Вечером, на открытии выставки, я ходил незамеченный и слушал, как спорили собравшиеся перед ними люди. Спорили и писали в книгу отзывов:
«Где видел Уфимцев людей такого цвета?.. Это клевета на наших рабочих. Художник все видит в мрачном цвете. Гнать таких очернителей с выставок».
…«Ура! Искусство всегда шло с Запада на Восток. Теперь настоящее искусство двинется с Востока на Запад».
…«Расцениваю как неуважение к нам, зрителям, то, что художник не покрасил даже рамки. Безобразие»…

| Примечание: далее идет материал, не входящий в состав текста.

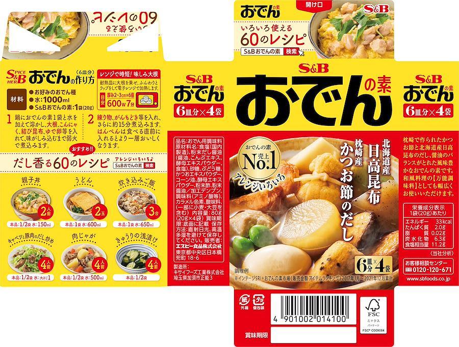 鹿児島枕崎産のかつお節と北海道日高産昆布のだし、醤油のバランスがとれた風味豊かなおでんの素です。おでん料理のほかにも和風料理のだしの素として幅広くお使いいただけます。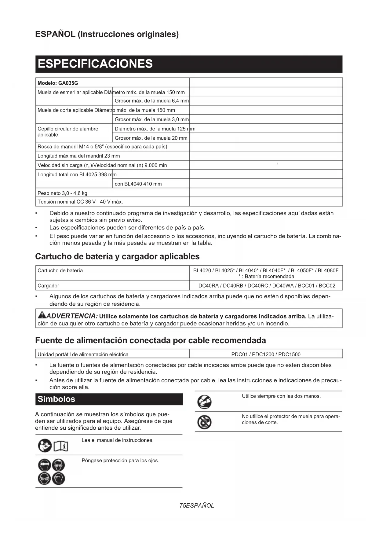 ) : (dB (A)) Incertidumbre (K) : (dB (A)) GA035G 85 93 3 NOTA: El valor (o los valores) de emisión de ruido declarado ha sido medido de acuerdo con un método de prueba estándar y se puede utilizar para comparar una herramienta con otra. NOTA: El valor (o valores) de emisión de ruido declarado también se puede utilizar en una valoración preliminar de exposición. ADVERTENCIA: Póngase protectores para oídos. ADVERTENCIA: La emisión de ruido durante la utilización real de la herramienta eléctrica puede variar del valor (o los valores) de emisión declarado dependiendo de las formas en las que la herramienta sea utilizada, especialmente qué tipo de pieza de trabajo se procesa. ADVERTENCIA: Asegúrese de identicar medidas de seguridad para proteger al operario que estén basadas en una estimación de la exposición en las condiciones reales de utilización (teniendo en cuenta todas las partes del ciclo operativo como las veces cuando la herramienta está apagada y cuando está funcionando en vacío además del tiempo de gatillo). ADVERTENCIA: Esmerilar láminas nas de metal u otras estructuras que vibren fácilmente y su supercie sea grande podrá resultar en una emisión total de ruido mucho más alta (hasta 15 dB) que los valores de emisión de ruido declarados. Emplee almohadillas de amortiguación exibles y gruesas o similares para esas piezas de trabajo para evitar que emitan sonido. Tenga en cuenta el incremento de emisión de ruido tanto al valorar el riesgo de la exposición al ruido como al seleccionar la protección adecuada para los oídos. Vibración El valor total de la vibración (suma de vectores triaxiales) determinado de acuerdo con la norma EN62841-2-3: Modo de tarea: esmerilado supercial con empuñadura lateral normal Modelo Emisión de vibración (a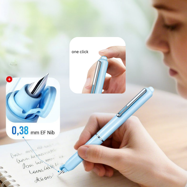 Ervaar het gemak van direct schrijven zonder vlekken of onderbrekingen. Met de Inkridge⢠krijg je een constante, vloeiende inktstroom die elk woord tot leven brengt. Perfect voor mannen die snelheid en efficiëntie waarderen in hun drukke schema's.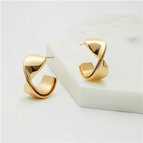 Meet our Marnie Hoops – a fresh twist on classic hoops. With a unique design, these earrings effortlessly blend style and versatility. Lightweight and chic, the Marnie Hoops add a modern touch to your day-to-night ensemble. Redefining sophistication with their distinct twist, these earrings make a bold statement for any occasion, seamlessly marrying classic and contemporary aesthetics. Elevate your look with the subtle charm of Marnie Hoops.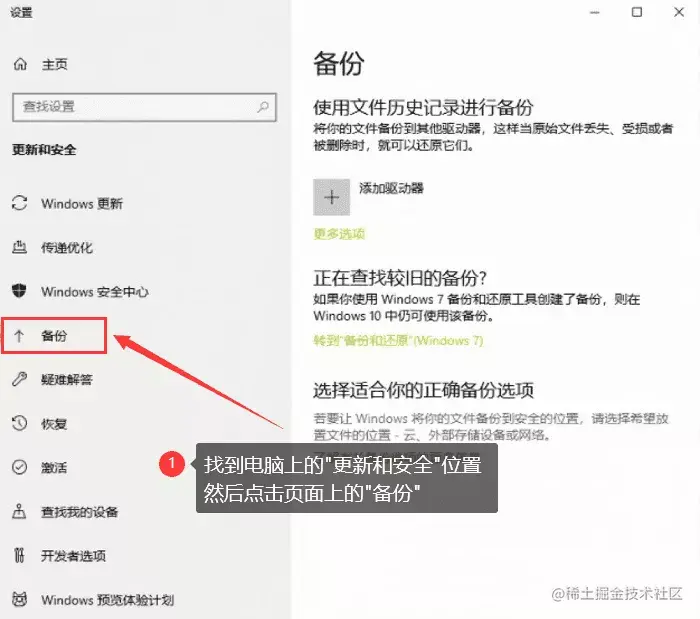在电脑的【设置】页面找到【更新和安全】,点击【备份】,就可以通过备份的方式来恢复误删的数据。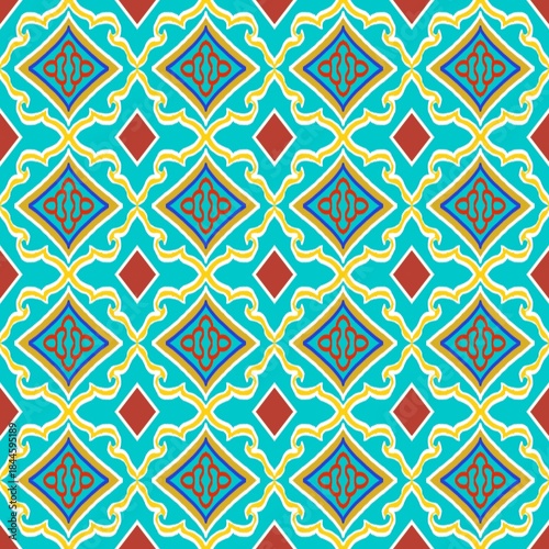 Red-blue-yellow diamond textile with cultural motifs, blending elegance and tradition.

Через день я пошел посмотреть на портреты при дневном освещении. Их на выставке уже не было, только в книге отзывов стояла лаконичная запись:
«Куда исчезли портреты Уфимцева?»
Я тоже спросил об этом. Мне ответили, что их распорядились снять.
— Почему?
Ответили, что я сам должен знать об этом. Мне стало скучно. Я обиделся. И мои друзья за меня обиделись, и это еще больше подстегнуло меня. Потом… Понимаешь… Обида и мода — как обвал…
Может быть, те работы мои были неплохи, наверное, не хуже других, выставленных там, но я не умел, мне некогда было спрашивать себя: а чем они хороши? Эти эксперименты пройдут, симпатии почитателей пройдут, жизнь пройдет, а чем отчитаешься перед собой, под чем подпишешься? Я увидел, что многим не под чем подписываться, хотя им и устраивали шумные персональные выставки.
Я бросил все и уехал. Уехал не в деревню, не искать «корни национального искусства», а уехал домой, жить рядом с людьми, чтобы понять, чего они мне не простят. Всем нам нужно учиться у них мужеству быть откровенными и жестокому неприятию фальши.
— Не знаю… Может, мы от них разное ждем, — сказала Катя и снова замолчала, полная взрывной сосредоточенности.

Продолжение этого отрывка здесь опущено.